In that same article, Magomedov categorically rejected the findings of an opinion poll conducted by the republic's Ministry of Education, Science, and Youth Policy in which 16.8 percent of the 4,438 respondents listed police brutality among factors that drive young men to join resistance, 16.4 percent listed violations of civil rights and freedoms, and 15 percent religious convictions.

The extremism of which we see manifestations in Daghestan is not religious. This extremism is political, but uses religious slogans to achieve its aims.
In a detailed report released in June 2008, the International Crisis Group concluded that a combination of factors, including clan-based corruption at a level that surpasses that in many other federation subjects, unemployment, and above all police brutality "feed the grievances" of young Daghestanis and "drive them into radical Islamic movements" such as Shariat Jamaat.

The experts of the Russian human rights movement Memorial harbor no doubts that arbitrary police brutality against peaceful and law-abiding young believers and "gross violations of the law" in the course of "counterterrorism operations" against suspected militants are the primary factors.

Memorial has documented numerous cases of the arrest and torture of young men who incur suspicion simply by virtue of being devout Muslims. Memorial has also reported on counterterrorism operations in which, in an excess of zeal, the Interior Ministry and security forces have ruthlessly killed people who are posthumously shown to have had no connection with the Islamic resistance. Those operations often involve the use of artillery against residential buildings.

Convenient Rationale

The legal basis for the ongoing crackdown on any Islamic practice that is deemed subversive or even just suspect is the republican law banning "wahhabism and other extremist activities" passed in September 1999, six weeks after the unilateral proclamation, by renegade Chechen field commander Shamil Basayev and others, of an independent Islamic state in Daghestan. That law does not, however, contain any definition of either "wahhabism" or "extremism."
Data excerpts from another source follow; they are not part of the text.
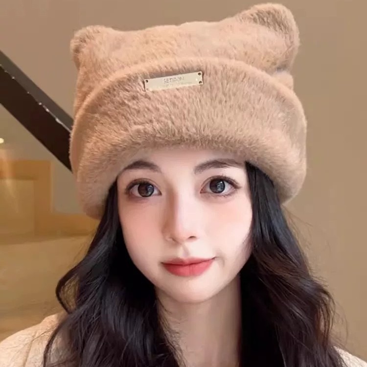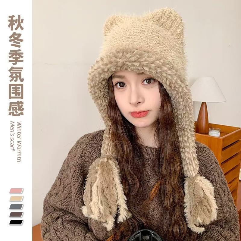 2025年冬季新款流苏毛绒绒熊耳朵保暖护耳朵防寒针织显脸小雷锋帽
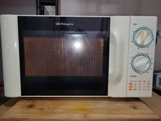 Microondas Orbegozo con función grill, bastante usado pero en perfecto estado de funcionamiento. - Potencia regulable. - Función grill. - Temporizador.
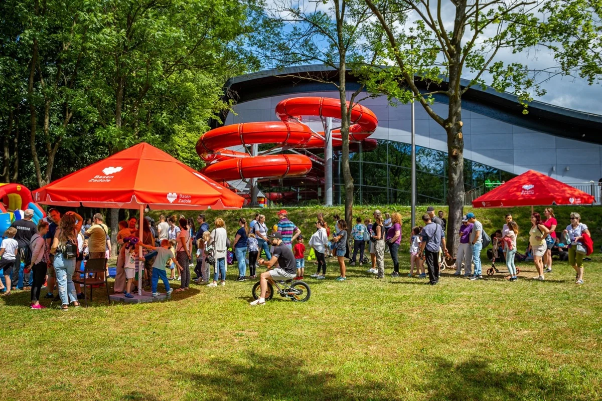 Jedną z głównych atrakcji był wodny tor przeszkód, który dostarczył dzieciom mnóstwo radości i ekscytacji. W strefie otwartejmożna było znaleźć również tor przeszkód na trawie animowany przez Decathlon, który sprawdził zwinność młodych uczestników. Te konkurencje były idealne dla tych, którzy lubią wyzwania i ruch na świeżym powietrzu. Na terenie basenu zorganizowano różnorodne gry i zabawy, które były dostępne dla dzieci w każdym wieku. Od tradycyjnych gier podwórkowych, po nowoczesne zabawy interaktywne – każdy mógł znaleźć coś dla siebie. Dmuchane zjeżdżalnie cieszyły się ogromnym zainteresowaniem, oferując dzieciom niekończącą się zabawę i śmiech.
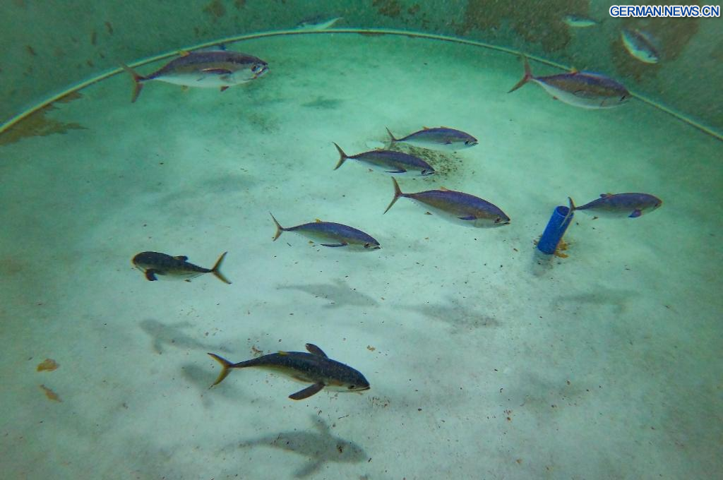Dank technologischer Durchbrüche hat das Fischereiforschungsinstitut der Chinesischen Akademie für Fischereiwissenschaften im Südchinesischen Meer in Lingshui eine Offshore-Zuchtstation für Gelbflossenthunfische eingerichtet, in der es gelungen ist, Gelbflossenthunfische künstlich laichen zu lassen und deren Eier auszubrüten. (Quelle: Xinhua/Guo Cheng)
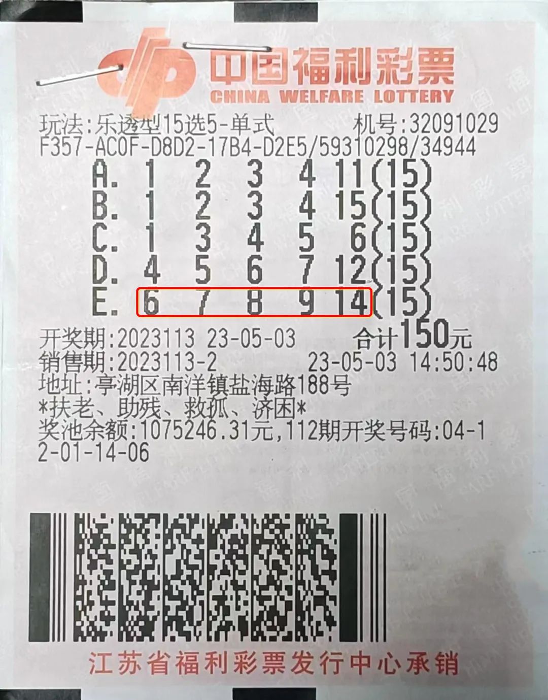 導讀5月3日晚,福彩15選5游戲進行第2023113期開獎,當期開出的號碼為06 07 08 09 14。幸運的是,一位購買了15倍投注的彩民在32091029福彩站點中了大獎。▲中獎彩票據了解,這位中
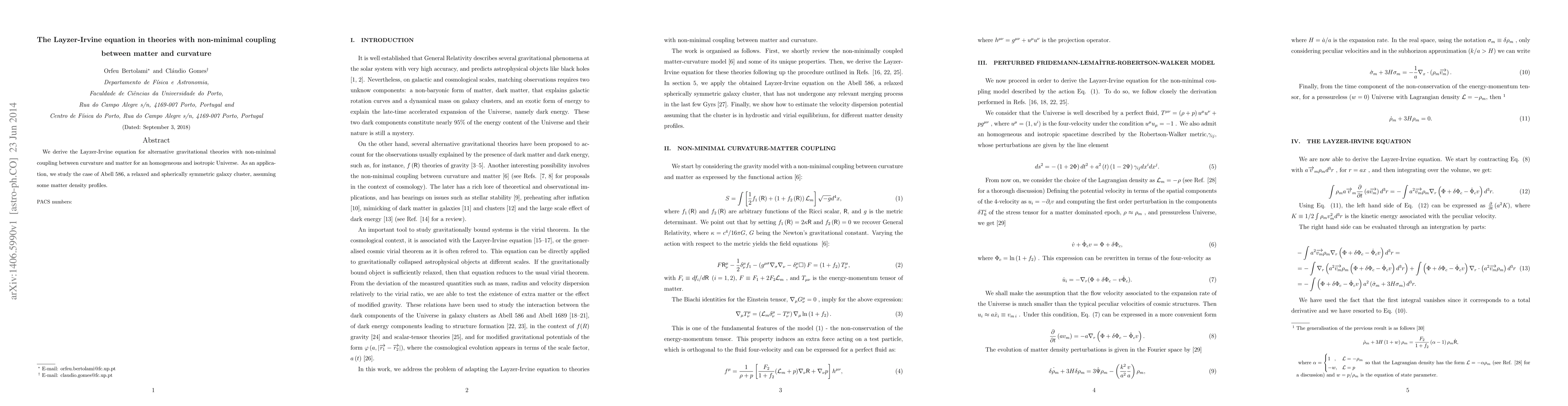 Summary: This paper derives the Layzer-Irvine equation for gravitational theories with non-minimal coupling in an homogeneous and isotropic universe, and applies it to study the matter density profiles in the galaxy cluster Abell 586.
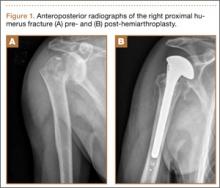 A previously healthy 50-year-old man presented to the emergency room in transfer from an outside hospital after a rollover motor vehicle collision in which he was ejected approximately 50 feet. Injuries included a right proximal humerus fracture/dislocation (Figure 1), right ulnar styloid fracture, L1 compression fracture, and multiple rib fractures. On admission, the patient had an ethanol level of 969 mg/L (.097%) and a urine drug screen positive only for opioids, presumably because of pain medication given that day. He denied a history of alcohol abuse and reported consuming 2 to 3 beers per week. The patient was awake, alert, and oriented with a Glasgow Coma Scale (GCS) of 15. He was tachycardic (heart rate, 126), tachypneic (respiratory rate, 24), and febrile (temperature, 38.6°C [101.5°F]), and his white blood cell count was elevated at 29.5×109/L. On examination, his right arm was found to be neurovascularly intact; it was placed in a sling with a forearm splint, and the patient was admitted to the intermediate special care unit on spine precautions with a plan for right shoulder hemiarthroplasty the following day.
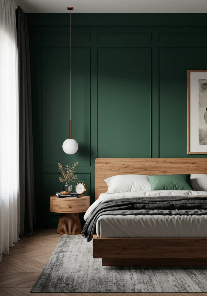 alt text: A modern bedroom with a bold, painted accent wall in a deep green color.
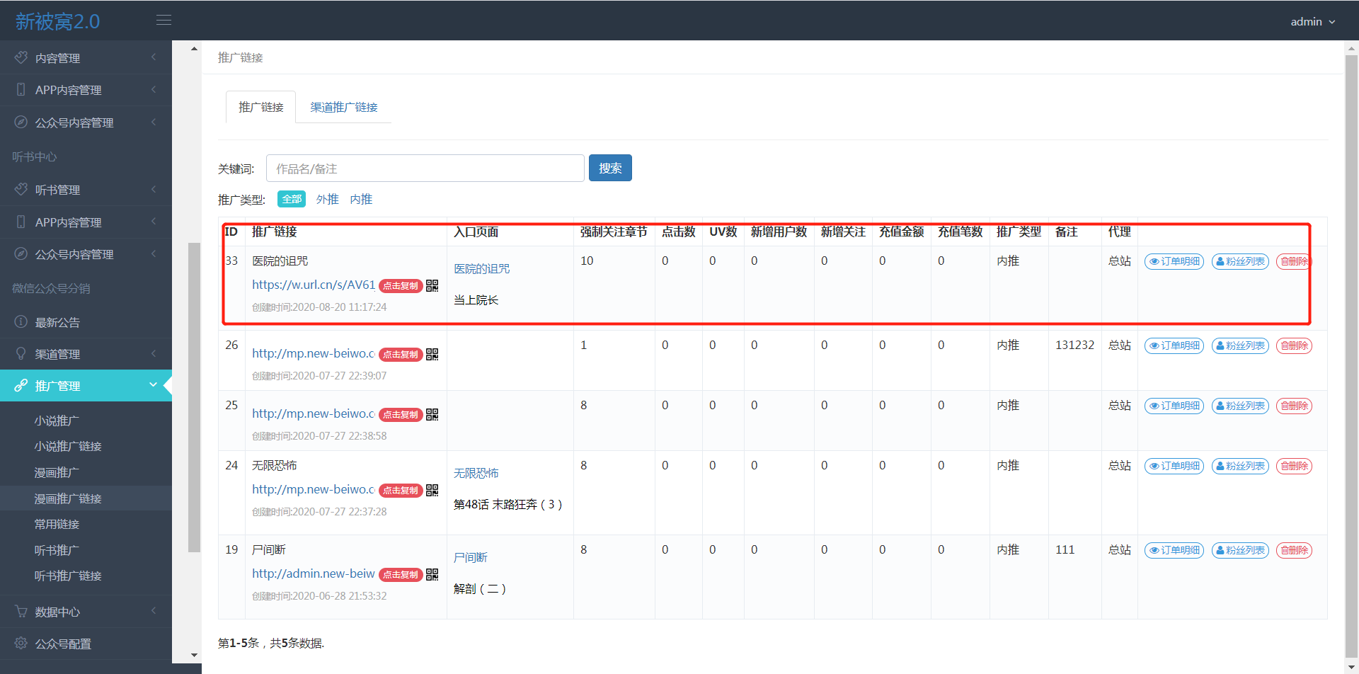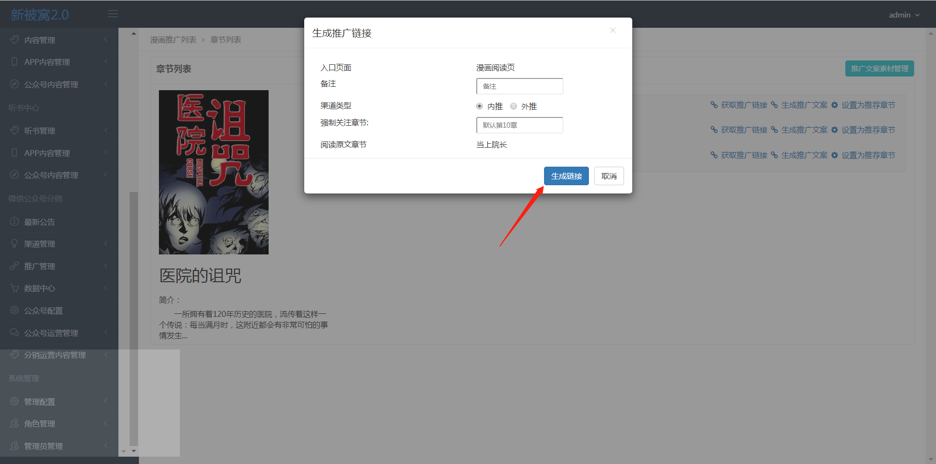 >[info]此功能是获取漫画章节的推广链接,进行推广。用户可以通过链接来关注公众号进行充值付费。

No other North Caucasus republic has adopted comparable legislation.

That legal lacuna serves as a convenient rationale for the use by police and security forces of excessive brutality. It also explains the huge number of people police consider suspect. In November 2008, Magomedtagirov referred to a list of "1,370 wahhabis," kavkaz-uzel.ru reported. Aliyev has implicitly queried the methodology used by police in compiling such lists, but he has never criticized the Interior Ministry's tactics.

He may indeed have compounded the confusion by sending mixed signals. On the one hand, he has repeatedly called for an all-out effort to stamp out "those who commit crimes against the state in the name of ideology," while at the same time insisting that "we do not persecute wahhabis," and that "it is impermissible to persecute people simply because they perform religious rituals in a different way."

Some members of Daghestan's official Muslim clergy have, however, publicly questioned police methods, specifically, the harassment by police in some southern districts of theological students sent to work with the imams of local mosques, riadagestan.ru reported on August 21, 2008. Those clergymen suggested that at least in the south of the republic, where economic conditions are worse than in the north, the antiwahhabism law has proven counterproductive and served to fuel the spread of radical Islamic sentiments.

Speaking last month at a press conference in Makhachkala, Committee for Religious Affairs head Magomedov advocated talks between the Daghestan authorities, on the one hand, and "the militants and their ideologues" on the other, but added that he doubted whether any such talks would prove productive. Neither Aliyev nor Magomedtagirov has commented publicly on that proposal.

A spokesman told RFE/RL in March 2007 that the Shariat Jamaat considers such talks "pointless."

RFE/RL has been declared an "undesirable organization" by the Russian government.